Conclusion: Through this study, we found that HPV are highly prevalent among HIV positive women in
Burkina Faso. However, given the high prevalence of other HPV types than 16 and 18, in our study, another
type of vaccine should be considered to cover them. In the meantime, the results of this study could be a
springboard for the introduction of vaccines against HPV already existing in Burkina Faso.
Key words: HPV; HIV; Genotypes; Women; Burkina Faso.
1. Introduction
Since the onset of Human Immunodeficiency Virus
(HIV) infection, an increase in the frequency of
cervical lesions (dysplasia and invasive cervical
cancer) has been described [1]. From 1997, the
Center of Disease Control and prevention of Atlanta
recommended regular gynaecological monitoring of
women infected with HIV [2] . It is now certified
that high-risk HPV (HR-HPV) cause approximately
95% of precancerous and cancerous lesions of the
cervix. Currently, there are 3 prophylactic vaccines
on the market: Cervarix (GlaxoSmithKline,
Brentford, UK) which is bivalent and target
HPV16/18; Gardasil (Merck Inc, NY, USA), which
is quadrivalent and target HPV6/11/16/18 and
Gardasil-9 (Merck Inc., NY, USA), which is
nonavalent and target HPV
6/11/16/18/31/33/45/52/58. This means that
prevention against cervical cancer is a possibility
especially for developing countries like Burkina
Faso where prevalence of HPV is high. The
relationship between the frequency, severity of
cervical dysplasia and the degree of immune
deficiency was quickly established. The
transmission of HPV is mainly through sex. Indeed,
HPV infection is the commonest STI in the world.

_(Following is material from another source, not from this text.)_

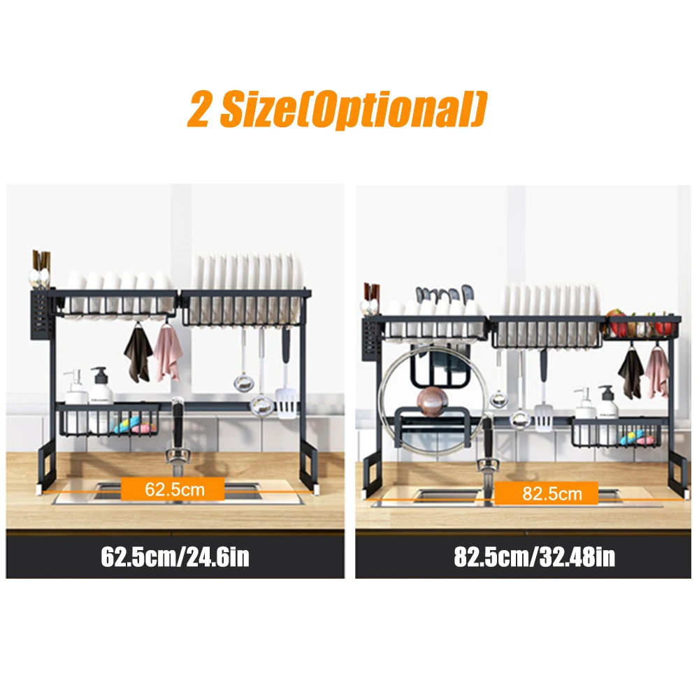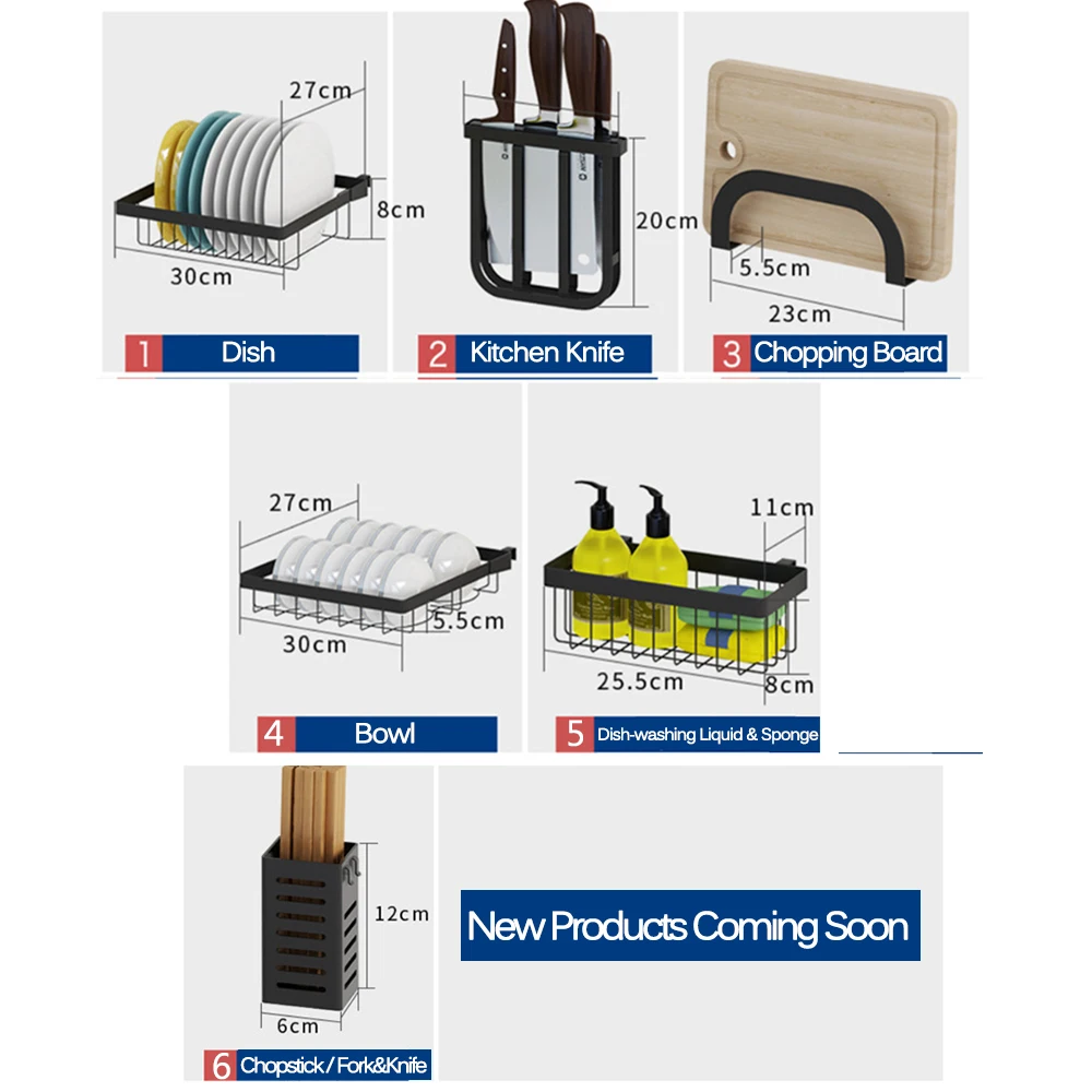 Большая емкость: с двумя полками 30 × 27 см для посуды, чаши и больше посуды; одна полка 20 × 27 см для фруктов и овощей; одна полка 25,5 × 11 см для мытья посуды и губки; один держатель 20 × 20 см для кухонного ножа; 1 палочка для еды/вилка и Держатель ножей; и 1 держатель разделочной доски. Все это зависит от вас!

Seventy-five percent of women are infected with
HPV at least once during their sex life [3, 4] . At the
ages of greatest sexual activity, the prevalence of
infection by subclinical HPV can reach more than
40% of the female population [5]. However, it
varies according to the different regions of the
world with the highest in Africa [6]. In general,
HPV16 is the most widespread with a prevalence of
26.3% in the world population [7]
Burkina Faso is no exception in terms of the
prevalence of HPV. For the past ten years, fairly
regular studies have been carried out in several
regions of the country and they are all unanimous
regarding the prevalence of HPV, which is between
24 to 41% for women in the general population and
around 60% for women infected with HIV [8-16].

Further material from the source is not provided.